This work addresses the inherent unobservability in Landmark-Inertial SLAM (LI-SLAM), which prevents estimation of the robot’s and landmarks’ absolute positions and yaw orientation in the inertial frame, leading to incomplete state recovery. To overcome this limitation, the paper proposes a novel nonlinear synchronous observer that, for the first time, integrates magnetometer readings and intermittent GNSS position measurements into the LI-SLAM framework, enabling joint estimation of the full state—including absolute position and yaw. Leveraging Lyapunov stability theory, the authors rigorously establish that the resulting estimation error dynamics are almost globally asymptotically stable and locally exponentially stable.

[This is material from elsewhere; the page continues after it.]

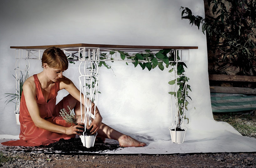 Je dichter ein Gebiet besiedelt ist, desto seltener werden horizontale Grünflächen. Damit nicht auf das so wichtige Grün verzichtet werden muss, lassen sich dank des vertical gardening Hauswände und Fassaden begrünen. Doch auch im Innenraum hat das vertical gardening viel Potenzial, wie der Tisch von studio jailmake eindrucksvoll unter Beweis stellt. Jedes der vier Beine dient als Topf und Rank-Gerüst für unterschiedliche Pflanzen. Mit Tomaten, Bohnen, Erbsen und anderen Kletterpflanzen kann so direkt vom Tisch(-Bein) in den Mund gespeist werden. Die Beine sowie die Eichenplatte stammen aus England und werden von jailmake in Handarbeit gebogen.

Comprehensive simulations demonstrate the effectiveness and robustness of the proposed approach in fusing heterogeneous sensor data from IMUs, visual landmarks, magnetometers, and GNSS.

In Landmark-Inertial Simultaneous Localisation and Mapping (LI-SLAM), the positions of landmarks in the environment and the robot's pose relative to these landmarks are estimated using landmark position measurements, and measurements from the Inertial Measurement Unit (IMU). However, the robot and landmark positions in the inertial frame, and the yaw of the robot, are not observable in LI-SLAM. This paper proposes a nonlinear observer for LI-SLAM that overcomes the observability constraints with the addition of intermittent GNSS position and magnetometer measurements. The full-state error dynamics of the proposed observer is shown to be both almost-globally asymptotically stable and locally exponentially stable, and this is validated using simulations.